Popped by a little late, but my $0.02 worth...
Was going to suggest that you use DFS in the future..! But sounds like you are now there, this will make it so much easier to move these files in the future.
Check out the registry key HKCU\..\Shell Folders - might be worth throwing the path in there just to be sure.
On a side note: In order to make sure that the %username% is expanded then you need to make sure that the value is an "Expandable String Value" (REG_EXPAND_SZ) and not a normal "String" (REG_SZ). But as you exported them from a working machine then it is bound to be correct...
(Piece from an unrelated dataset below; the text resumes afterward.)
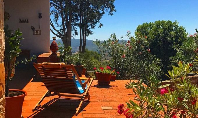 The 600 sqm large and beautiful garden with olive, cypress, lilac and almond trees adjoins the north terrace. With its seating and a beautiful view of the valley, it invites you to a picnic with vino, olives and pecorino.
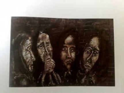 Motivika se navezuje na čas upora. Druga svetovna vojna. Ilegalci. Podtalno delovanje. Tajni sestanki. Žalovanje in ovijanje v obup ter molk, pokoli talcev in žalovanje. Odhod na zadnjo pot. Pripovedi so izrazito osebnoizpovedne. Vsi prizori so zelo figuralni in postavljeni pred linearno ozadje. Linije so spontane in preproste. Obrazi oseb so otrpli, z izbuljenimi ali zaprtimi očmi in spominjajo na maske. Razpoloženje je izrazito mračno, barvna lestvica pa omejena na sive, rjave in črne tone z belimi poudarki.

I have had this problem a number of times, (banging my head against the wall with GPOs...!) a DFS setup although often a large amount of work to get implemetated really helps....
How did you do folder redirection the first time? Why didn't you just use Group Policy Folder redirection? Or did you? Maybe the old policy is still enabled that is why your script doesn't work. Group Policy Folder redirection will even move the files from the old location to the new one without scripts (this can have issues of its own, but the feture is there).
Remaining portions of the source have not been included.